Really? It is all about Gay Marriage now? Here the global elites have destroyed the world as we knew it and the topic was not those liberties lost and abused, those economic futures destroyed, the education lost, Constitutional Freedoms Denied? This guy could have given real insights on those.

This guy kept trying to get away from the Gay Marriage but was not allowed – We need talk on fundamental freedoms, not one which is a non-issue except it can be used to de-platform, or seemingly that was the point of much of this, why he did not de-platform a big person over this side issue.

Tommy Robinson is a Patriot and also has a lot to say which is thought out, comes from personal experience, and reflects a very popular belief. Why would he be de-platformed? Other than to keep thought control. I would love Lewis Farrakhan and Tommy Robinson to be interviewed on Unherd.

I wish unherd would get back to real global topics. MMT, M2 supply, education lost, mental health and illness not detected by Lockdown, Treasury Bond interest, real yield, inflation, Dow Jones, Nasdaq, deficit spending, The 1.9$ infrastructure stimulus which is only 5% infrastructure, and 95% social engineering, commodities, equities, jobs, WFH (work from home), China, shipping containers arriving full and leaving ports empty, Nuclear electricity base load, renewables with no base load, EV, mortgages and real estate, Constitutional Freedoms (I notice the date on the video above is 04/06/1921, which is how Americans write it), Race and what is wanted by the race industry, and what will the future bring.

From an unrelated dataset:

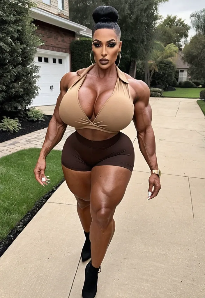 Generate Gorgeous female boss , bimbo , 42 years old , African-American woman , , , hourglass body , abnormally massive female bodybuilder , gorgeous , close up , full lips , big booty , buzz cut , black hair , hair bun , feminine silhouette , too big breast , big booty , sexy thighs abs , silhouette , up close , flexing biceps , gorgeous brown eyes , legs are iconic and defining physical feature , both visually and in terms of combat ability.wearing an outfit that is a striking blend of elegance , power , and femininity , designed to command attention in any room. The suit is tailored to perfection , hugging the wearer’s curves with precision while emphasizing a structured silhouette. The fabric itself is a refined grey tweed patterned with subtle white grid lines , giving the suit a texture that feels both sophisticated and modern. The blazer features broad blue lapels and gold button accents , adding a luxurious touch that elevates the look beyond typical business attire. The matching high-waisted trousers elongate the frame , further enhancing the poised and commanding effect of the ensemble.The styling choices amplify the boldness of the suit. The inner blouse is a silky , greybutton-down shirt that complements the tweed’s tone while introducing a softer , feminine balance to the sharp tailoring of the jacket. The blouse peeks out neatly from under the blazer , maintaining elegance without drawing focus away from the suit’s commanding cut. Accessories are kept minimal yet intentional: a delicate layered gold necklace and hoop earrings that add glimmers of light and luxury without overpowering the outfit. The choice of voluminous , honey-brown braids cascading down her shoulders frames the face with both confidence and glamour , completing the commanding visual.Altogether , this look communicates a blend of authority and allure. It is business-ready yet fashion-forward , balancing corporate structure with vibrant femininity. The color palette blue , grey and gold avoids being overly delicate , instead embracing the richness of texture , structure , and presence. This is the kind of ensemble that speaks to ambition , sophistication , and personal style—ideal for someone who thrives in positions of influence but insists on expressing her individuality with bold elegance. It’s not just clothing—it’s a statement of power wrapped in grace. In luxury living legs that could crush a watermelon , skirt high boots are a bold and striking statement piece , crafted in glossy black patent leather that gives them a sleek , polished finish. Rising to just below the knee , the boots feature three adjustable buckle straps along the shaft , adding both edge and detail to their design. The towering stiletto heel , paired with a thick platform sole , creates an ultra-dramatic silhouette that elongates the leg and exudes power and confidence. With their combination of shine , height , and structure , these boots perfectly balance fierce femininity with high-fashion allure. High cheekbones , prominent jawline , gorgeous big brown eyes , , enormous breast , wearing brown collard shirt , brown fit-it cap , brown shorts , walking on drive way carring bending over working on plants in yard ,

If this was a War On Covid, it is almost over and we lost. Still, I look forward to the Nuremberg Trials which need to fallow, and hope Boris, the SAGE guys, et al, go off to Tyburn Dock via traitors gate as they so richly deserve. We hanged Lord Haw-Haw after WWII, so it seems there is a precedent for most of the MSM editorship.

Dennis Boylon
Dennis Boylon
3 years ago
Reply to  Galeti Tavas

Farrakhan isn’t very sharp anymore. It wouldn’t be that interesting. Glen Ford maybe but I think his health isn’t the best. He isn’t as famous as Farrakhan but is more persuasive.

Galeti Tavas
Galeti Tavas
3 years ago
Reply to  Galeti Tavas

I apologize for the above comment – I did not know this interview was live streaming so just saw the end – I now watched the entire thing and it is much better – just seeing the end and thinking that was it I did not get the actual interview.

Armand L
Armand L
3 years ago

David Rubin, the bastion of intelligence and curiosity. Lol!